More troubling, will border communities produce sufficient leadership to pressure government officials to enforce environmental laws in the largely unchecked drilling industry? Air monitoring is almost nonexistent in the Eagle Ford Shale, and the state has exercised little to no oversight to gauge the extent of air pollution, according to a joint investigation by the Center for Public Integrity, InsideClimate News and The Weather Channel. The investigation found only five permanent air monitors in the 20,000-square-mile drilling region. Equally important, will existing and future leadership influence public officials or Texans across the state who benefit from the resources of South Texas?

The challenges are formidable. The report, titled “Big Oil, Bad Air,” concluded that “Oil money is so thoroughly ingrained in the Texas culture and economy that there is little interest in or sympathy for those who have become collateral damage in the drive for riches.” A cultural shift will have to emerge from the communities themselves. But will it?
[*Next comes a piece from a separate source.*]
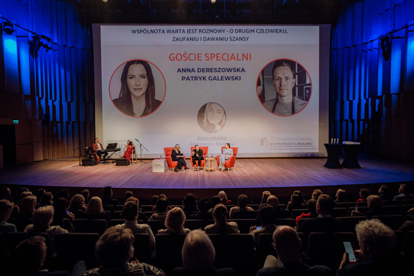 Na szczególną uwagę zasługiwał także udział gości specjalnych, którzy w swoich rozmowach pokazali, jak wiele wspólnota i zaufanie znaczą w codziennym życiu społecznym. Anna Dereszowska i Patryk Galewski w rozmowie „Wspólnota warta jest rozmowy – o drugim człowieku, zaufaniu i dawaniu szansy” podzielili się refleksjami o budowaniu relacji opartych na empatii i wzajemnym wsparciu, opowiadali o swoich motywacjach do angażowania się w działania społeczne, a także o kolejnych planach. Łukasz Orbitowski w rozmowie z Jarosławem Szubrychtem „Literatura może zmieniać życie – nawet za murami więzienia” opowiadał o sile literatury i jej wpływie na drugiego człowieka. Z kolei Joanna Sadzik, Prezeska Stowarzyszenia Wiosna, w rozmowie z Aleksandrą Bielecką zatytułowanej „Od Paczki do wspólnoty. Dlaczego pomaganie buduje nas wszystkich”, mówiła o tym, jak empatia i wspólne działanie potrafią realnie zmieniać rzeczywistość i budować więzi międzyludzkie.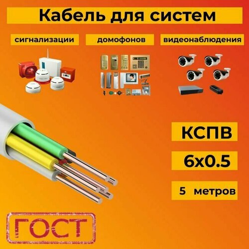 Кабель для систем сигнализации/видеонаблюдения, домофонов ГОСТ КСПВ 6х0.5 мм (0,20 мм2) - 5 м.

In October, I caught a glimpse of the enormous potential to harness the border as a home and as a powerful idea. Lucy Felix, a field organizer in the Rio Grande Valley for the National Latina Institute of Reproductive Health, told a group of Austin activists that the state’s abortion battles that had resulted in the shuttering of women’s health clinics along the border had been a blessing. Yes, the border has the highest rate of poverty in the nation, and the women there are often marginalized, and, yes, their health care is among the most dismal in the state. But, she told the beleaguered Austin crowd, in the darkest times, from the most neglected corners would come a new beginning.

“We have to feed the power. We have to feed the leadership of our communities,” Felix said, before turning to consider the future. “What are we doing to develop that power, to nurture it? We need people who will make the change in Texas, because, in reality, there is no time to cry. We need to act.”